:: Task objective ::
Print exactly the lines that run from the one containing "在座談會(huì)的最后環(huán)節" to the final line of the data, both included, and print none of the pictures.

:: Dataset section ::
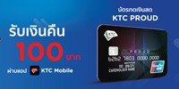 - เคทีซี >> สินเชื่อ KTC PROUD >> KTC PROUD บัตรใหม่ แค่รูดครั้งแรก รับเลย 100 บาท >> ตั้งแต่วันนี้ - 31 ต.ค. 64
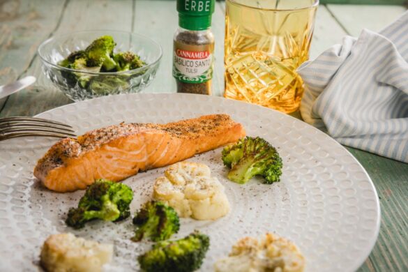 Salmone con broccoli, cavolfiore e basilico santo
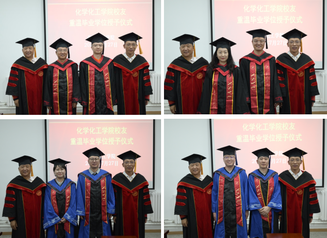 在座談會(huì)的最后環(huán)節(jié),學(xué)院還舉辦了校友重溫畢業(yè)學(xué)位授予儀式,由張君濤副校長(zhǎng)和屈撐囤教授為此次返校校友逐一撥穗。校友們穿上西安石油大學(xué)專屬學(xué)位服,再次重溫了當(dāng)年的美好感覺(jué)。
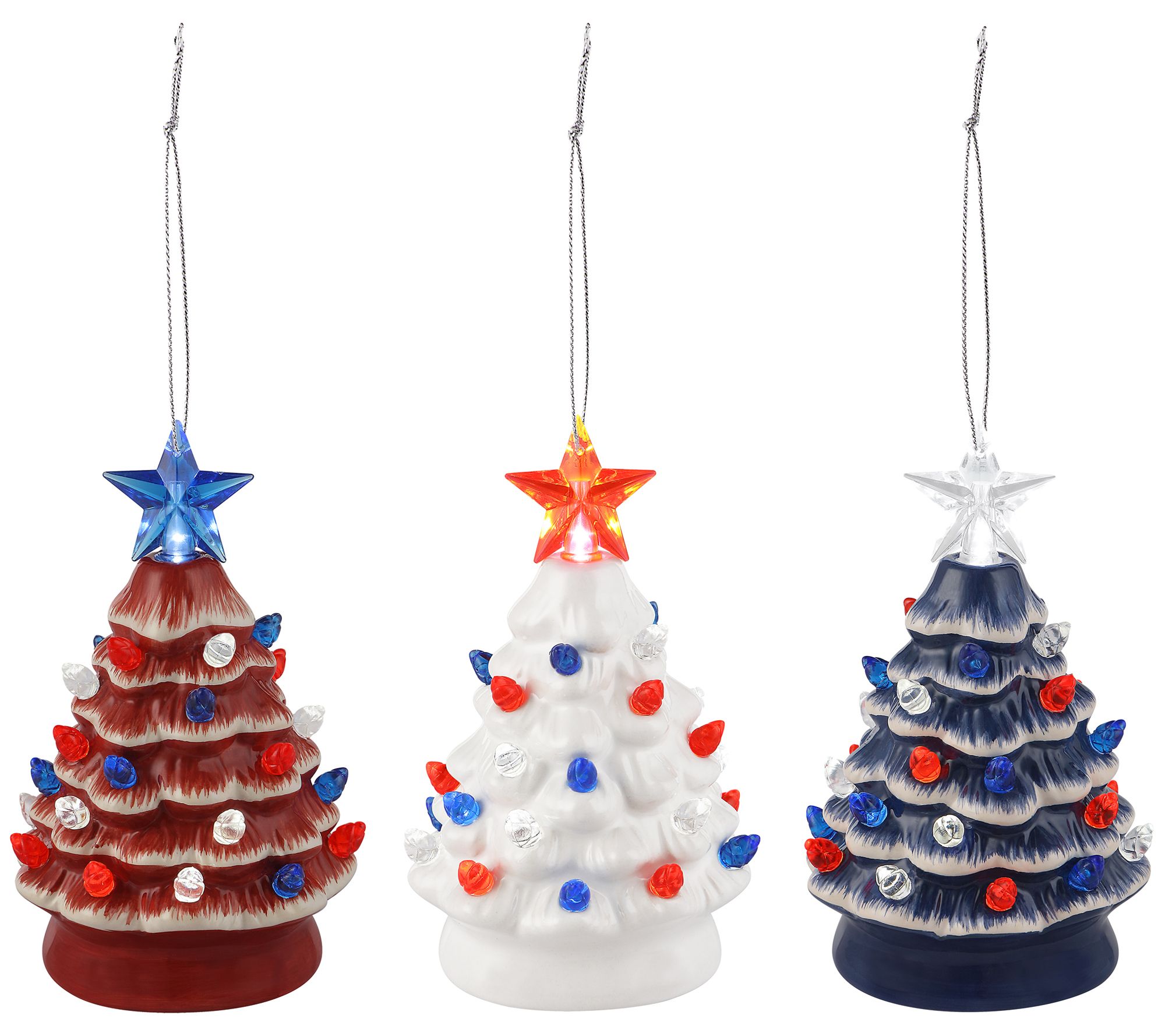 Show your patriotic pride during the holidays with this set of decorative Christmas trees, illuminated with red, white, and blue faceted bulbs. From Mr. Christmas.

:: Written response ::
 在座談會(huì)的最后環(huán)節(jié),學(xué)院還舉辦了校友重溫畢業(yè)學(xué)位授予儀式,由張君濤副校長(zhǎng)和屈撐囤教授為此次返校校友逐一撥穗。校友們穿上西安石油大學(xué)專屬學(xué)位服,再次重溫了當(dāng)年的美好感覺(jué)。
 Show your patriotic pride during the holidays with this set of decorative Christmas trees, illuminated with red, white, and blue faceted bulbs. From Mr. Christmas.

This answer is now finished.